Friday, May 29, 2009

Non-violent protest turns ugly? Duh...

Josh Dulaney's Daily Bulletin article begins as follows:

What began as a nonviolent protest by hundreds of warehouse workers led to a bloody confrontation, several arrests and snarled traffic in all directions.

View Larger Map

When I wrote about Warehouse Workers United's first protest earlier in May, I quoted from their statement. Excerpts:

Warehouse workers, local clergy, community members, and area students will participate in a civil disobedience outside the warehouse of an as-yet named major national retailer on Thursday, May 14th at 2pm....


Direct action/civil disobedience to block distribution at a major corporate warehouse. Arrests are likely.

Their second announcement began as follows:

On May 28th, Warehouse Workers United will stage a major act of civil disobedience in what has become an escalating campaign to draw attention to the economic meltdown in the Inland Empire and its impact on warehouse workers and their families.

When you say that arrests are likely at your first event, and you characterize your second event as part of "an escalating campaign," one shouldn't be surprised at what happened next.

[F]orklift driver Marq Stonestreet, 24, of Rialto drove a forklift into the intersection and stopped, to the cheers of his fellow protesters.

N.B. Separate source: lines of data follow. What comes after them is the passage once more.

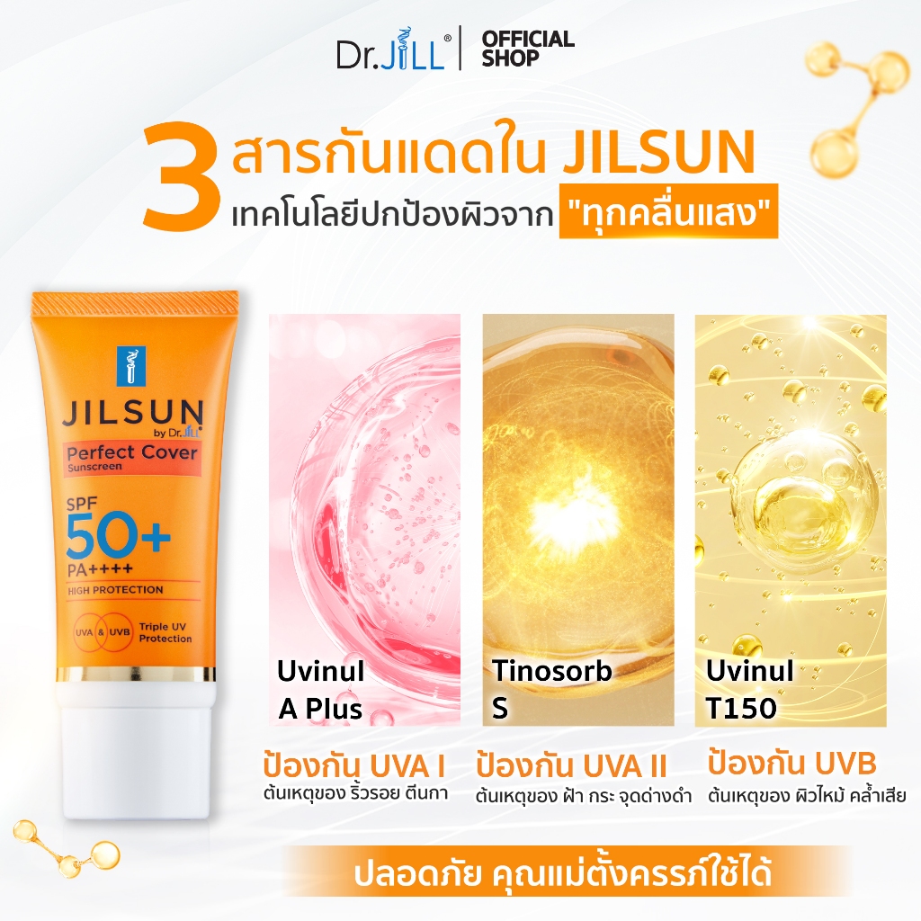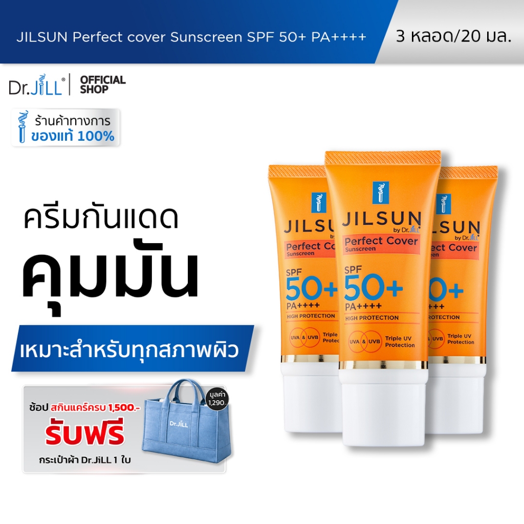 [ส่งฟรี] 3 หลอด ครีมกันแดด Dr.JiLL สูตรปกปิด เนื้อแมท JILSUN Perfect Cover SPF50+ PA++++ 20 mL.
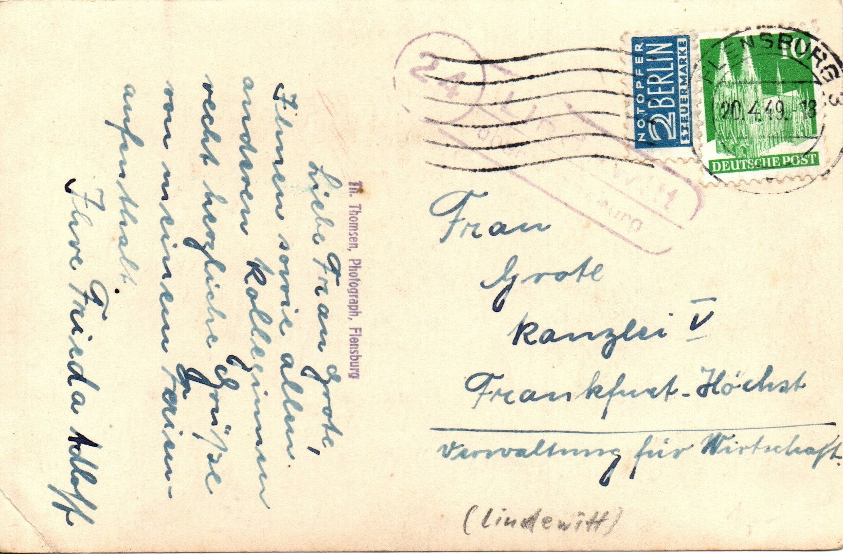 wieder einmal ein Beleg der Poststelle II in Lindewitt. Diesmal eine Ansichtskarte mit dem Halbspatelstempel "(24) Lindewitt / über Flensburg" Die 10 Pfg. Bauten-Marke und die Notopfermarke wurden mit Maschinenstempel "Flensburg 3 ? 20.4.49. -18" entwertet. Der unleserliche Unterscheidungsbuchstabe ist vermutlich ein "b" Zumindest weisen die anderen zeitgenössischen Maschinenstempel des Postamts Flensburg 3 diesen Unterscheidungsbuchstaben auf.
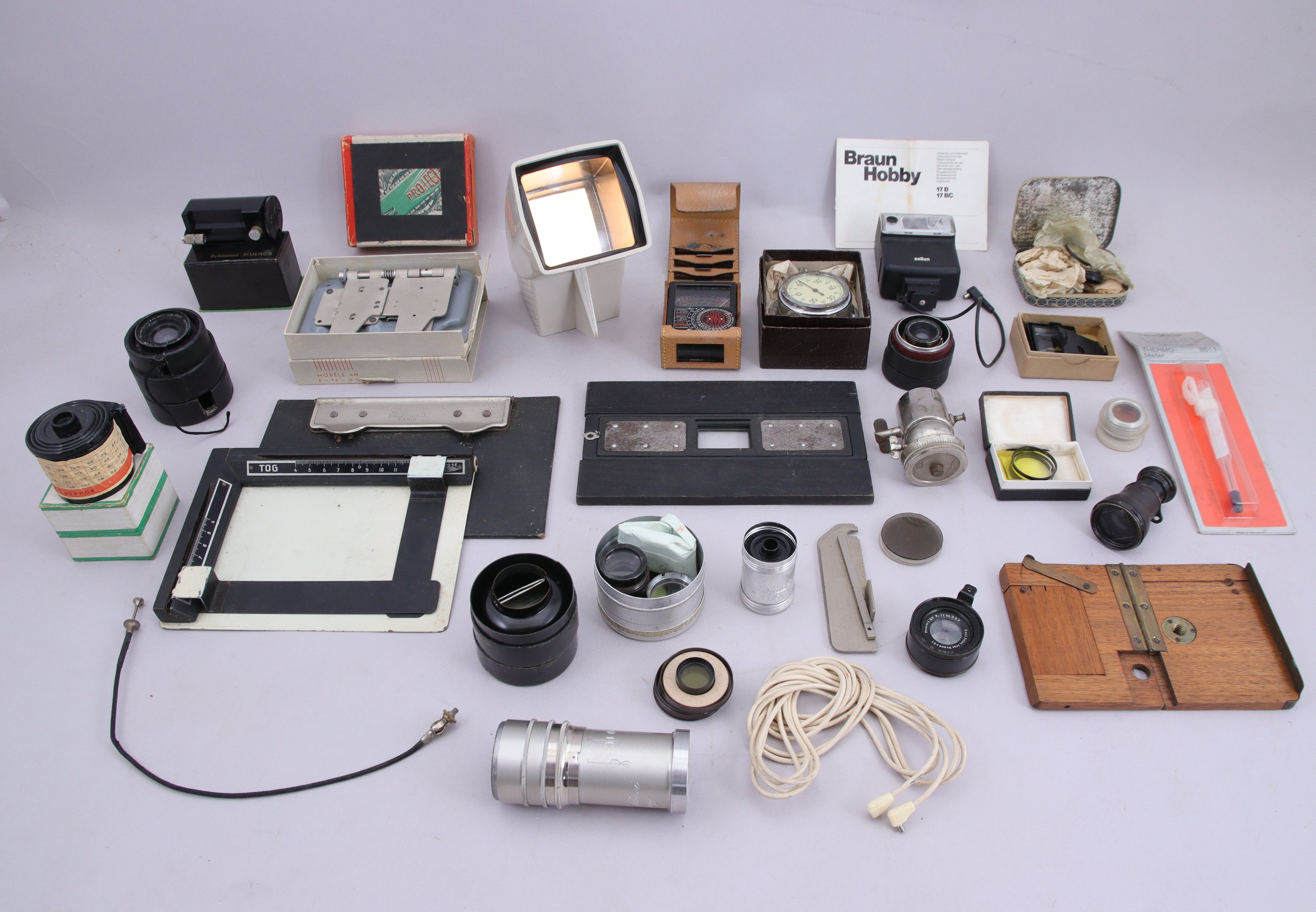 Visionneuse Panavue I, flash Braun, Bobineuse Sommor, colleuse Marguet Tri-film semi-automatique, Posemètre Réalt. photo avec système poirette breveté, thermomètre Hama photoservice.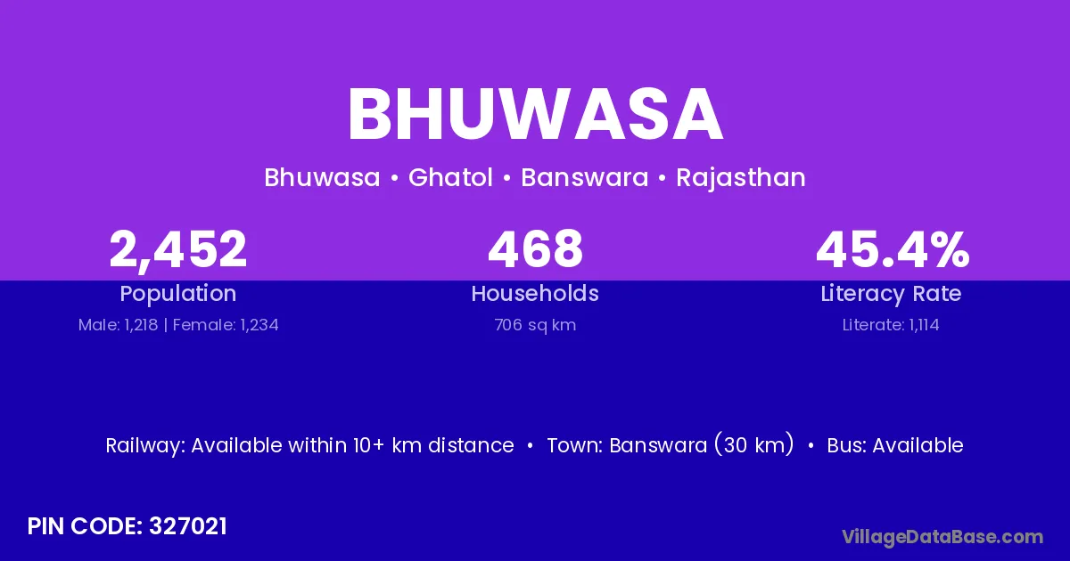 Banswara (30 km) is the nearest town to Bhuwasa village for major economic activities and is located approximately 30 km away.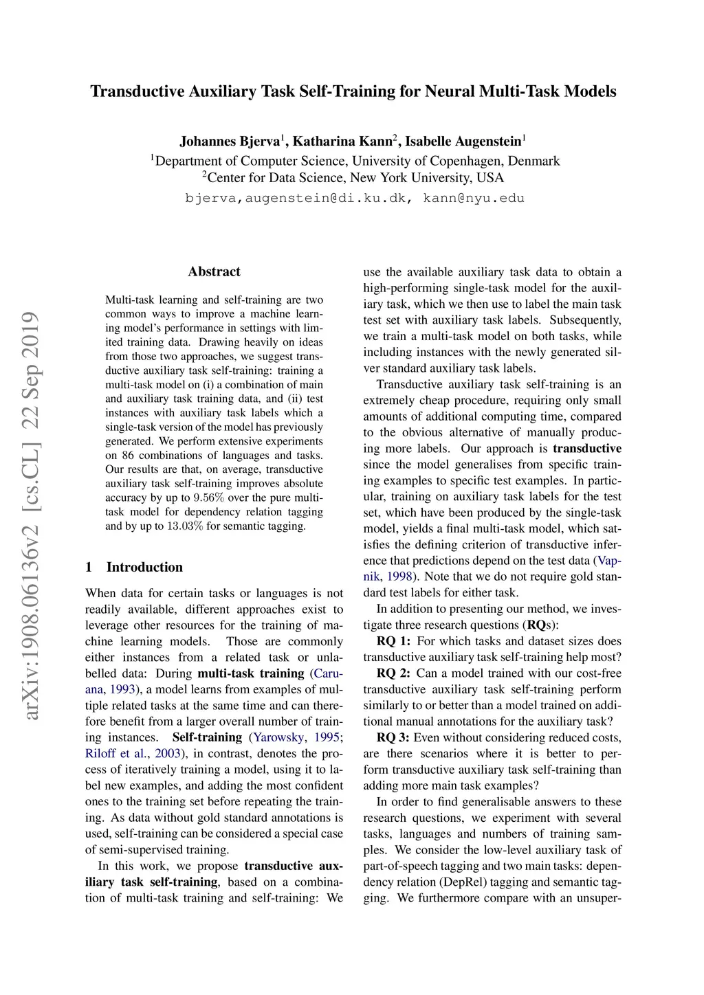Transductive Auxiliary Task Self-Training for Neural Multi-Task Models
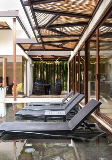 三栋独立的建筑仿佛漂浮在中央泳池之上,泳池中央矗立着一座精美的“泪墙”水景雕塑,白天波光粼粼,夜晚则潺潺流水声悦耳动听:前两栋建筑均为主卧套房,配备特色天花板、户外淋浴、**床品和床上用品。每间卧室以及主起居区面向高尔夫球场一侧均配备遥控卷帘,可随时保护您的隐私。第三栋建筑分为两个空间,一侧是配备大床的卧室/浴室,另一侧是主要起居区,设有配备齐全的现代化美食厨房、餐厅和客厅,客厅拥有手工打造的木桶形天花板,可饱览高尔夫球场、远处山丘以及内部庭院的壮丽景色。夜幕降临,泳池灯光和别墅内精心设计的间接照明营造出独特而轻松的氛围。别墅配备高速无线网络、有线电视、智能电视以及烹饪美食所需的一切用具,包括先进的电磁炉。客人可使用度假村内所有业主专属设施。度假村提供免费班车服务,可随时前往度假村内的任何地点。可前往占地 55,000 平方英尺的卡塔利娜私人海滩俱乐部,这里拥有精致餐厅和休闲餐厅,提供海滩和泳池畔服务;此外,还设有 80 米长的海滨游泳池、先进的健身设施、独立的儿童泳池、热水浴缸、全方位服务的 SPA 中心、美容沙龙、24 小时**中心和商务中心,以及各种水上活动,例如水上摩托艇、滑水、皮划艇、立式桨板、脚踏船、滑板车、自行车、钓鱼和潜水之旅。免费使用泳池边和海滩上的躺椅。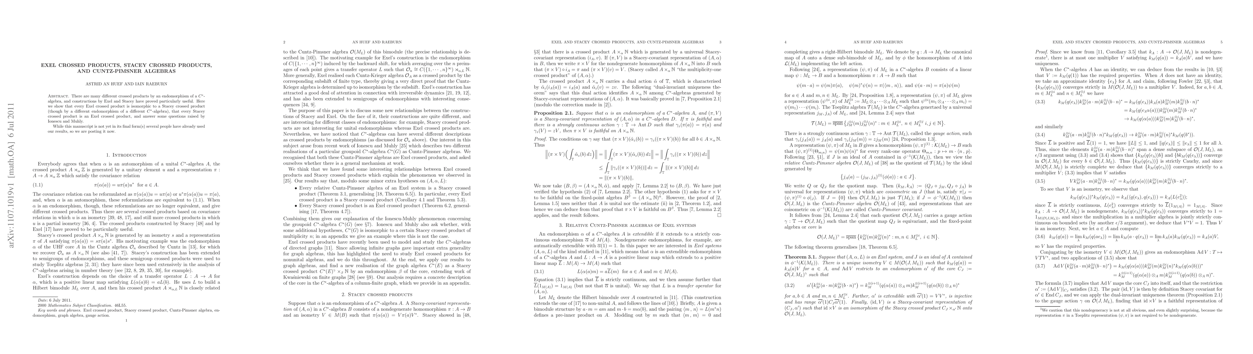 This paper demonstrates the isomorphism between Exel and Stacey crossed products of C*-algebras, showing that each Exel crossed product is equivalent to a Stacey crossed product via different endomorphisms and C*-algebras, and resolves questions posed by Ionescu and Muhly. Despite being incomplete, the results have already seen practical use.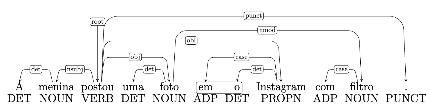A vantagem da representação parentética é que ela é mais fácil de ser implementada, já que está no formato de texto e não depende de softwares de anotação. Por outro lado, a desvantagem é que a visualização da estrutura sintática da sentença, por um humano, é mais difícil do que uma representação por árvore. Na Figura 6.16 temos a representação parentética da sentença “A menina postou uma foto no Instagram com filtro”, na qual há cruzamento de arcos. O cruzamento das relações, claramente visível na Figura 6.14, é mais difícil de ser identificado na representação parentética.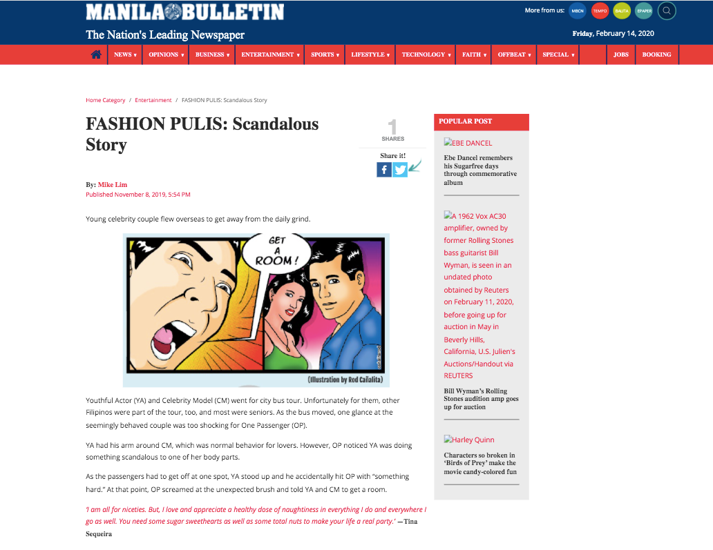 One of my quotes from my book “Soul Sojourn” got featured in the MANILA BULLETIN, Philippines’ largest English language publication and the second oldest newspaper published in the Philippines and the Far East, at the end of an entertainment story by their feature writer Mike Lim.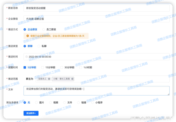 另外根据社群运营目标和策略,灵活选择其他类型的内容进行周期群发,如活动通知、调查问卷、客户故事等,分享形式主要是文字/海报/链接/文件内容,普通的企业微信功能暂时无法做到这一点,这时候我们可以使用语鹦企服定时群发SOP来进行相应发送能够设置不同的附件包括图片小程序等,以保证客户群体收到不一样的客户体验,从而对公司有依赖感。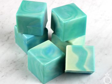 COLOR PREP: In separate containers, disperse 1/2 teaspoon of titanium dioxide, Aqua Pearl Mica, Hydrated Chrome Green Pigment, and Slushy Blue Mica into 1/2 tablespoon sunflower or sweet almond oil (or any other liquid oil). In a separate container, disperse 1 teaspoon Kermit Green Mica into 1 tablespoon lightweight liquid oil. Use a mini mixer to get rid of clumps. OPTIONAL: To ensure that the titanium dioxide blends smoothly into the soap batter, we recommend micronizing it before dispersing it in oil. To micronize the colorant, simply use a coffee grinder to blend it. That breaks up any clumps of color and prevents streaks of white from showing in the final soap. We like to use a coffee grinder that has a removable stainless steel mixing area for easy cleaning.

A group of warehouse workers linked themselves with handcuffs and duct tape to form a human wall around the forklift.

Eventually one of the drivers who was inconvenienced by the traffic snarl attempted to go through the intersection anyway in his pickup, two of the protestors hung onto the bed of the truck, a fight ensued, and police arrested people from both sides of the fight.

But will this help jobs in the Inland Empire? Not for one person, according to the Daily Bulletin.

Mike Heffner of Riverside was one of those blocked in traffic as protesters chanted, clapped, played music and sang.

He was late for work at a nearby K-Mart.

"If I don't get to work on time, I'm going to lose my job," he said.

Heffner, who said he's in a union, said he tried to explain his situation to the warehouse workers, who refused to let him through.

As you'll recall, I previously noted that Warehouse Workers United is actually sponsored by seven unions, including the Teamsters, the SEIU, and the UFCW. I'm not sure if Heffner is a member of one of those unions, but I wonder how many other union members had problems because of Warehouse Workers United's actions this week. Or in future weeks; KPCC:

Warehouse Workers United promises to organize similar actions until the companies they're targeting agree to meet with workers over their demands.